Convirture seems to work well for its customers. In a ZDNet interview with Dan Kusnetzky, a principal architect at a major e-commerce, told Kusnetzky that, after considering, "many different products including: VMware's vCenter, Citrix XenServer, Eucalyptus, OpenCloud, Amazon EC2 (external), Convirture and Oracle's VM Manager," his company went with Convirture because it has "a number of features we likedincluding: simplicity, integration of our current Hypervisors, and its open-source nature allowing us to customize it as required."

He continued, "Since this product, unlike most of the other products, is hypervisor independent it allows us to do things on the hypervisor that we couldn't normally do with other virtualization products because of the closed nature of their respective hypervisors. One example is usage of different storage techniques and technologies."

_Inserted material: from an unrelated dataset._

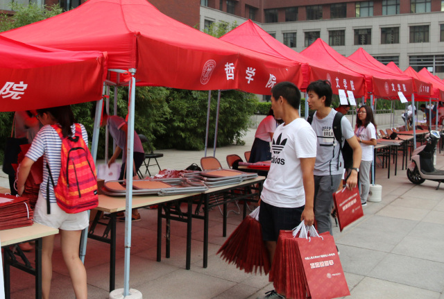 负责迎新工作的同学们将迎新物资从人文楼搬运至明德广场
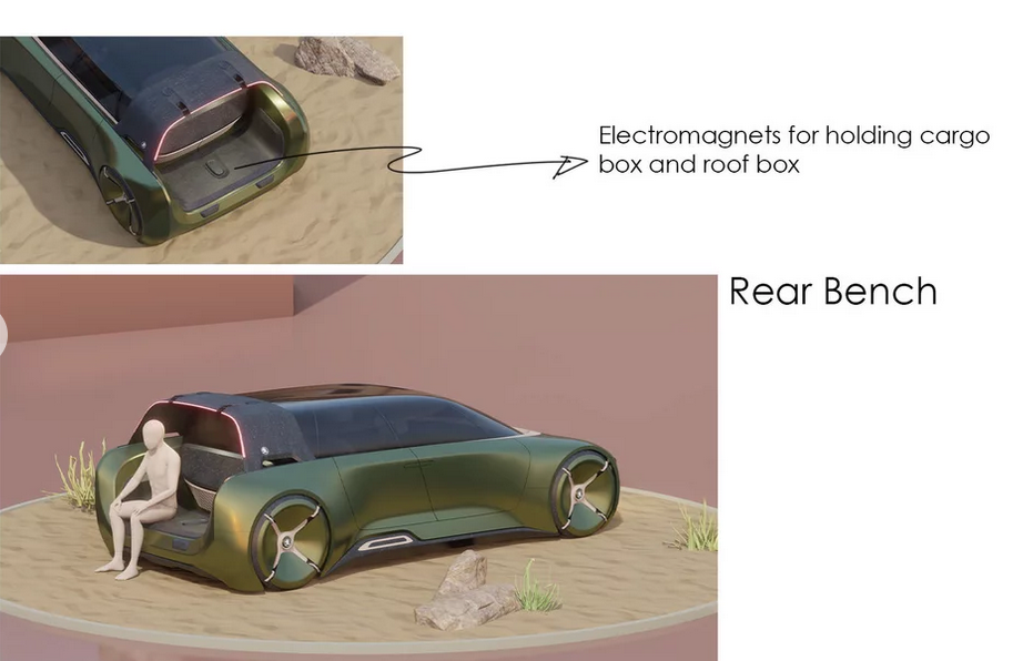 Так, у Skoda Fugio передний багажник не открывается, как у большинства электрокаров, а выдвигается вперед. Получается своего рода ящик, в который можно сложить необходимые вещи или предметы. Еще более нестандартно оформлена задняя часть. Между стеклом и бампером дизайнер оставил свободное пространство. Его можно использовать, как скамейку для отдыха на природе. Об этом сообщает издание Auto.CZ.

Eucalyptus needs little introduction to cloud-savvy, open-source, or Linux users. After all, Eucalytpus' CEO is Marten Mickos, one of MySQL co-founders. Eucalyptus has partnered both with Ubuntu and Red Hat to deliver cloud-based Linux systems. And, last but not least, Eucalyptus with its free, open-source version serving as its greeting card, has become quite popular in cloud-computing circles.

That's all well and good, but the real question for Eucalyptus will be whether these partnerships will this be enough to counter not only its proprietary rivals from Microsoft and VMware but the new open-source OpenStack project. Like Eucalyptus, OpenStack has also garnered a lot of support. Regardless of how the cloud wars turn out for the vendors, the real winners will be the users. They'll see new, improved cloud services rolling out at a rapid clip at affordable prices.